OTP Mortgage Bank cut amid multiple Hungarian downgrades
Monday, 28 November 2011
OTP Mortgage Bank was downgraded from Baa3 to Ba1 as part of a rating action on seven Hungarian banks by Moody’s on Friday following a downgrade of Hungary’s rating from Baa3 to Ba1. The banks remain on review for further downgrade.
Moody’s downgrade of Hungary on 24 November was driven by rising uncertainty surrounding the country’s ability to meet its medium term targets for fiscal consolidation and public sector debt reduction, and increased susceptibility to event risk stemming from the government’s high debt burden, heavy reliance on external investors, and large refinancing needs.

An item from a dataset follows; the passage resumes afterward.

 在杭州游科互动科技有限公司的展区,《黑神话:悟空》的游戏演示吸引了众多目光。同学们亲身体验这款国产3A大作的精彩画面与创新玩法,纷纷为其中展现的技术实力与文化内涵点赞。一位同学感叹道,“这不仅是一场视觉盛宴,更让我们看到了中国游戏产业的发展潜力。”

The rating agency downgraded Hungary’s country ceiling for foreign currency debt from A1 to A3 as part of the action on Hungary.

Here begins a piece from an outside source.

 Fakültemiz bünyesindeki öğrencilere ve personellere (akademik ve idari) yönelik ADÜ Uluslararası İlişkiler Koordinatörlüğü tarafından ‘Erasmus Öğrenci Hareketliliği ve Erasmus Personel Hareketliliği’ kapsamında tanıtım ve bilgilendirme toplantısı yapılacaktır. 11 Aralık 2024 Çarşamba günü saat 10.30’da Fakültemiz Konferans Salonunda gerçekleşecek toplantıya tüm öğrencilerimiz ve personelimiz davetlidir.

Hungary’s reduced financial strength has prompted Moody’s to lower its assessment of the capacity of the Hungarian government to support its banking system.

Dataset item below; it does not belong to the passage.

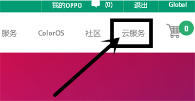 将OPPO手机“查找手机”开关打开后,假设你的手机丢失了;你可以登录OPPO手机官网,选择点击“云服务”,如图所示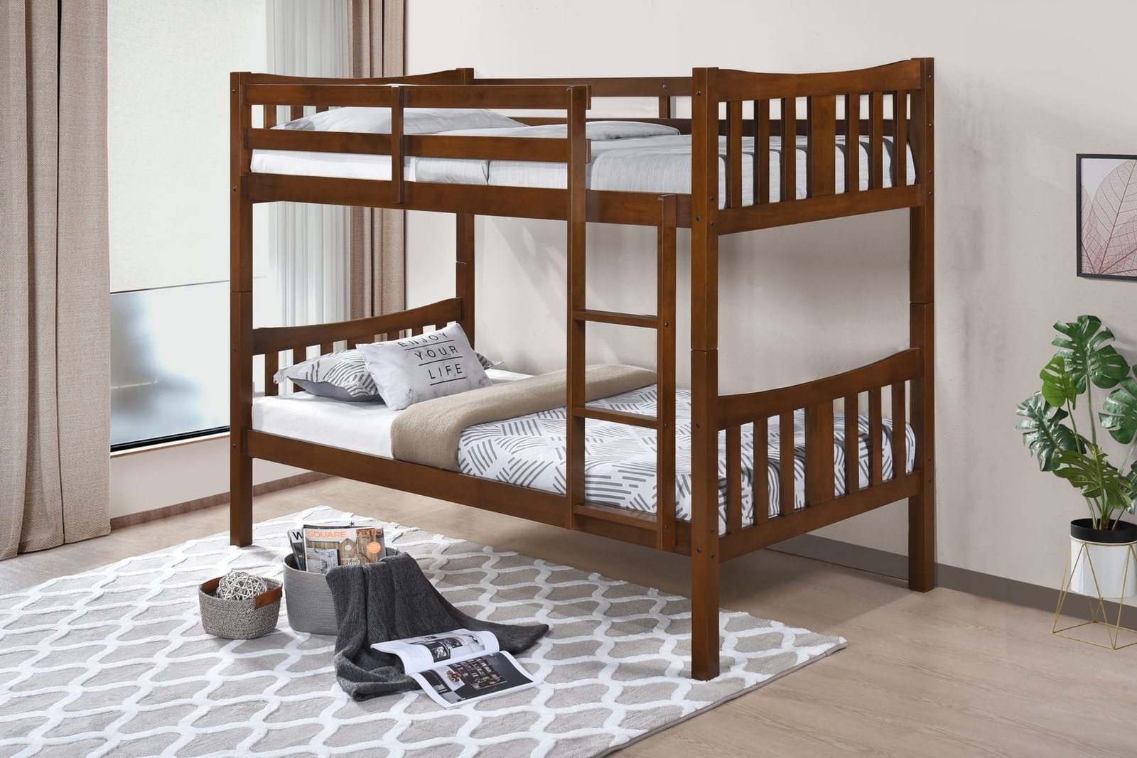 Sized at 79 in long × 42 in wide × 62 in high, the bed fits two twin mattresses and is built with quality in mind — ideal for kids’ rooms, guest rooms, or any area where space is at a premium. With its modern & contemporary design, the Caribou bunkbed blends practicality with aesthetic appeal, giving you both function and form in one versatile piece.

OTP and OTP Mortgage Bank were downgraded to reflect the banks’ weaker positioning within the D+ BFSR category, now corresponding to a standalone rating of Ba1.
“The lower standalone rating for the banks reflects (i) OTP’s operations, which are predominantly focussed on Hungary; and (ii) its risk profile and access to funding, which are closely interlinked with Hungary,” said Moody’s.
The ongoing review of Hungary’s commercial banks will assess on a bank by bank basis the effect of the government law that gives foreign currency mortgage borrowers the option, until February 2012, to repay their full mortgage balance at exchange rates below market rates.
At OTP Mortgage Bank’s previous Baa3 rating, its mortgage covered bonds, rated Baa1, had zero TPI leeway under Moody’s Timely Payment Indicator framework.